11.          This Agreement may be executed in two or more counterparts, each of which is an original and all of which together constitute one instrument.

12.          California law governs this agreement without giving effect to conflicts of laws principles. Creditor and Bank submit to the exclusive jurisdiction of the courts in Santa Clara County, California. CREDITOR AND BANK EACH WAIVE THEIR RIGHTS TO A JURY TRIAL OF ANY CLAIM OR CAUSE OF ACTION FROM THIS AGREEMENT.

13.          This Agreement represents the entire agreement about this subject matter, and supersedes prior negotiations or agreements. Creditor is not relying on any representations by Bank, Subsidiary or Guarantor in entering into this Agreement. Creditor will keep itself informed of Guarantor’s and Subsidiary’s financial and other conditions.
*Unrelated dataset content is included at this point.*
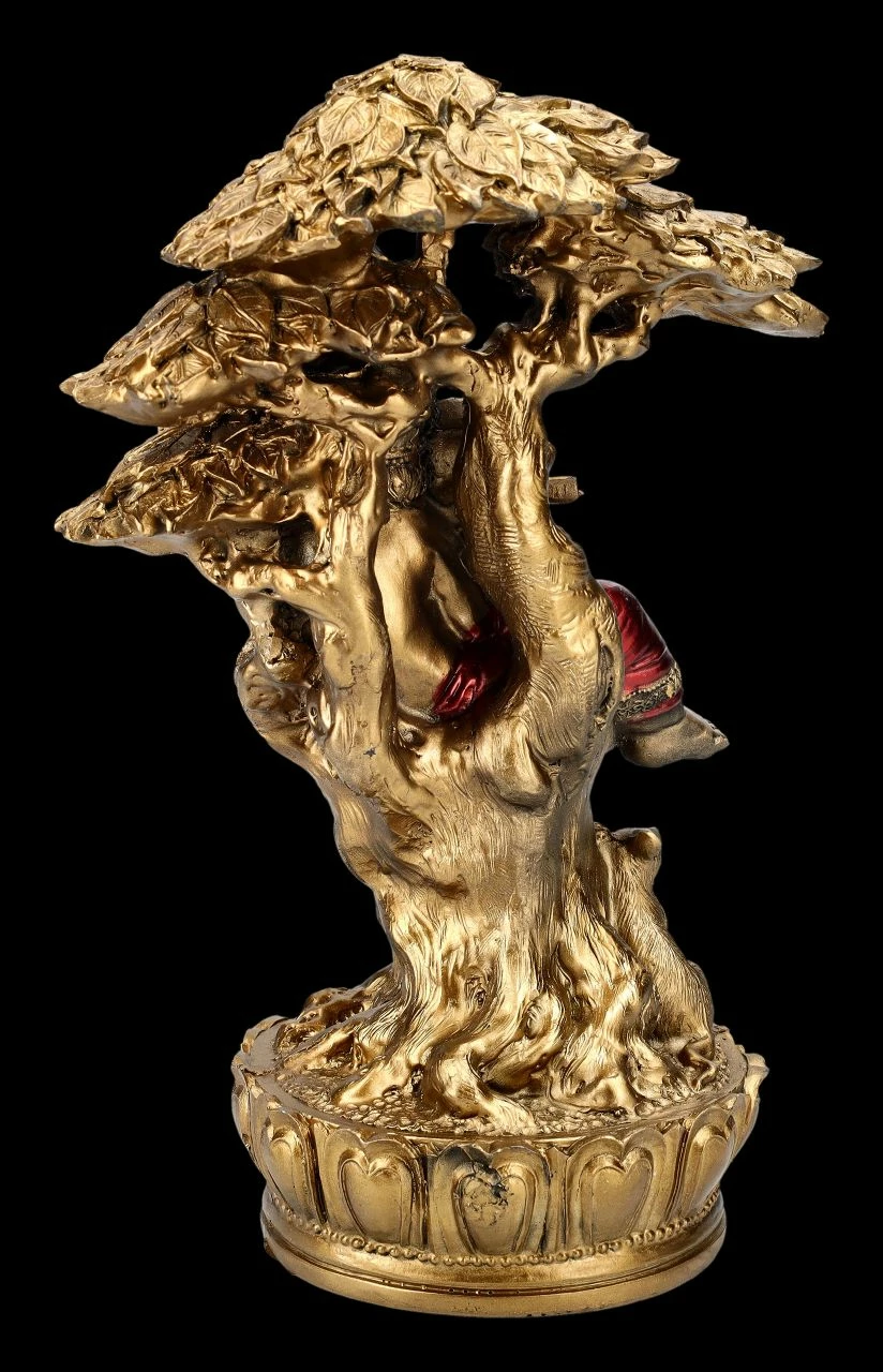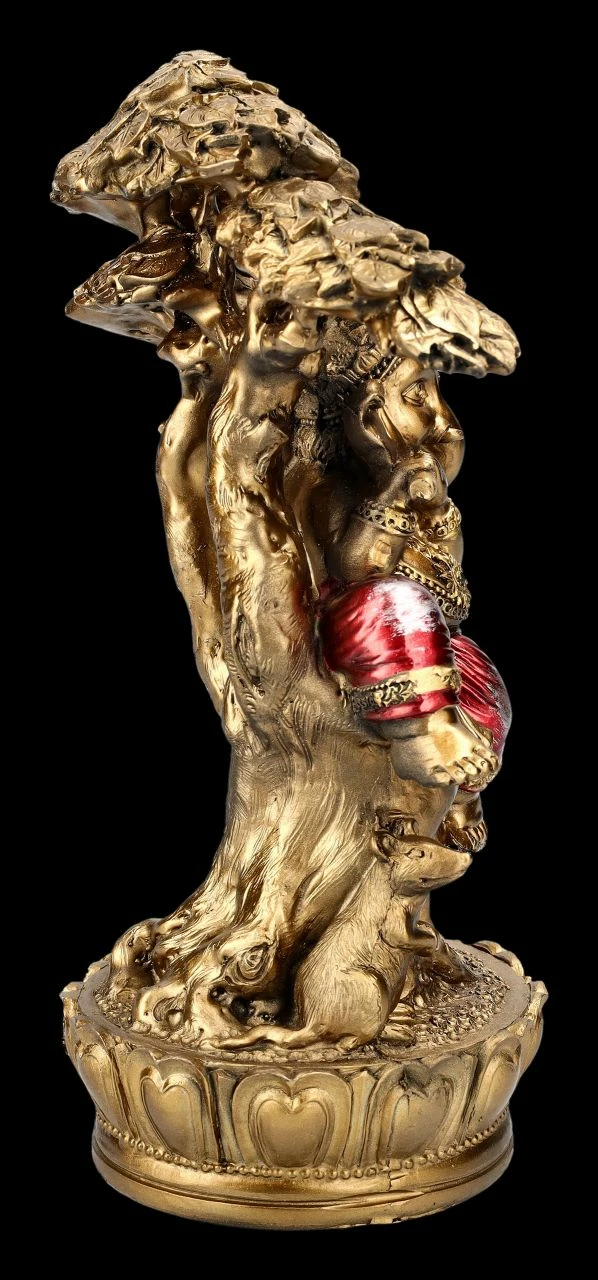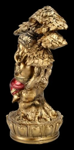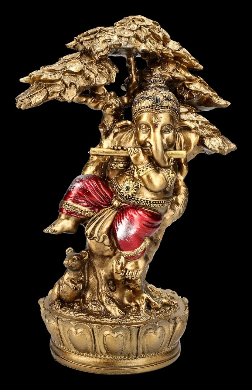 Selbst die Tiere lauschen gebannt, wenn der nicht nur in Indien beliebte Gottt Ganesha auf seiner Flöte spielt. Der elefantenköpfige Gott Ganesha mit dem menschlichen Körper ist in Asien als Gott der Weisheit, der Wissenschaften und der Künste.von großer Bedeutung und gilt nicht nur im Hinduismus und Buddhismus als Symbol für das Genießen der schönen Seiten des Lebens, aber auch für die lebenspraktische Weisheit und für eine leicht zugängliche Energie. Bei der goldfarben handbemalten Gahesha-Figur sticht die leuchtend rote Hose besonders hervor. Die unter dem Baum musizierende faszinierende Ganesha Figur ist 22 cm hoch, 15,5 cm breit und 9,5 cm tief und wurde detailreich aus Kunststein (Polyresin) gefertigt. Sie bringt nicht nur asiatisches Feeling in jeden Bereich, sondern ist auch als Glücksbringer ein perfektes Geschenk.

This Agreement may be amended only by written instrument signed by Creditor and Bank.

14.          If there is an action to enforce the rights of a party under this Agreement, the party prevailing will be entitled, in addition to other relief, all reasonable costs and expenses, including reasonable attorneys’ fees, incurred in the action.

“Creditor”

“Bank”

 

 

                                               

SILICON VALLEY BANK

(Print Name)

 

By:                                                        

By:                                               

Title:                                                      

Title:                                                             

 

Each of the Guarantor and Subsidiary approve the terms of this Agreement.

                      “Guarantor”

 

                      GLOBALOPTIONS GROUP, INC.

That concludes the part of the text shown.